Concentration of the coating solution is determined depending mainly on the coating head, the coating amount, the drying load, and the kind of support. For example, it is 40-55%, preferably 45-53% in the case of blade coating, 20-40%, preferably 25-35% in the case of air knife coating, and 35-50%, preferably 38-45% in the case of rod coating.

The coating solution which constitutes the intermediate layer of the present invention is suitable for rod coating and blade coating, and especially suitable for blade coating.

The colorless or light-colored basic dyes which constitute the recording layer of the heat-sensitive recording materials of the present invention are used each alone or in admixture of two or more. As the basic dyes, those which are used in the heat-sensitive materials of this kind are optionally used, and, for example, leuco compounds such as triarylmethane dyes, fluoran dyes, thiazine dyes, spiropyran dyes and lactam dyes. Particularly, fluoran leuco dyes are widely used, and examples of the dyes are mentioned below.

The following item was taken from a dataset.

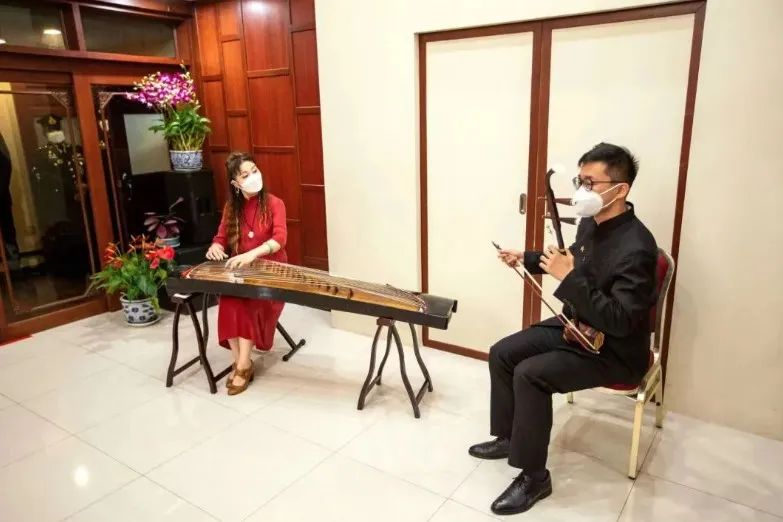 使馆青年外交官和曼谷中国文化中心教师用二胡、古筝演奏《春江花月夜》《彩云追月》《月亮代表我的心》等中国传统乐曲。韩大使邀请公主共同朗诵了中国古代诗人苏轼的名作《水调歌头·明月几时有》。现场欢声笑语,其乐融融。

Triarylmethane dyes such as 3,3-bis(p-dimethylaminophenyl)-6-dimethylaminophthalide, 3,3-bis(p-dimethylaminophenyl)phthalide, 3-(p-dimethylaminophenyl)-3-(1, 2-dimethylindol-3-yl)phthalide, 3-(p-dimethylaminophenyl)-3-(2-methylindol-3-yl)-5-dimethylaminophthalide, 3,3-bis(2-phenylindol-3-yl)-dimethylaminophthalide and 3-p-dimethylaminophenyl-3-(1-methylpyrrol-3-yl)-6-dimethylaminophthalide, fluoran dyes such as 6'-[ethyl(3-methylbutyl)amino]-3'-methyl-2'-(phenylamino)-spiro[isobenzylf uran-1,9'-xanthene]-3-one, 3-dibutylamino-6-methyl-7-anilinofluoran, 3-(N-methyl-N-propylamino)-6-methyl-7-anilinofluoran, 3-(N-cyclohexyl-N-methylamino)-6-methyl-7-anilinofluoran, 3-dimethylamino-6-methyl-7-chlorofluoran, 3-dimethylamino-7-methyl-7-chlorofluoran, 3-dimethylamino-6-methyl-7-anilinofluoran, 3,3-bis(4-dimethylaminophenyl)-6-diethylaminophthalide, 3-diethylamino-7-(2-chloroanilino)fluoran and 3-dibutylamino-7-(2-chloroanilino)fluoran, thiazine dyes such as benzoyl leucomethylene blue and p-nitrobenzoyl leucomethylene blue, spiropyran dyes such as 3-methyl-spiro-dinaphthopyran, 3-phenyl-spiro-dinaphthopyran, 3-benzyl-spiro-dinaphthopyran, 3-methyl-naphtho-(6'-methoxybenzo)spiropyran and 3-propyl-spiro-dibenzopyran, and lactam dyes such as rhodamine (p-nitroanilino)lactam and rhodamine (o-chloroanilino)lactam.

Binders contained in the heat-sensitive color forming layer bonded to and supported on the intermediate layer include various ones as enumerated below.

Water-soluble polymers such as polyvinyl alcohol, starch and derivatives thereof, cellulose derivatives, e.g., methylcellulose, hydroxymethylcellulose, carboxymethylcellulose and ethylcellulose, polyvinyl pyrrolidone, polyacrylamide, sodium polyacrylate, acrylamide/acrylate copolymer, acrylamide/acrylate/methacrylic acid terpolymer, alkali salts of styrene/maleic anhydride copolymer, alkali salts of isobutylene/maleic anhydride copolymer, sodium alginate, gelatin, casein and gum arabic, and, in addition, aqueous emulsions such as polyvinyl acetate, polyurethane, polyacrylic acid, polyacrylate, polymethacrylate, vinyl chloride/vinyl acetate copolymer, ethylene/vinyl acetate copolymer and polybutyl methacrylate.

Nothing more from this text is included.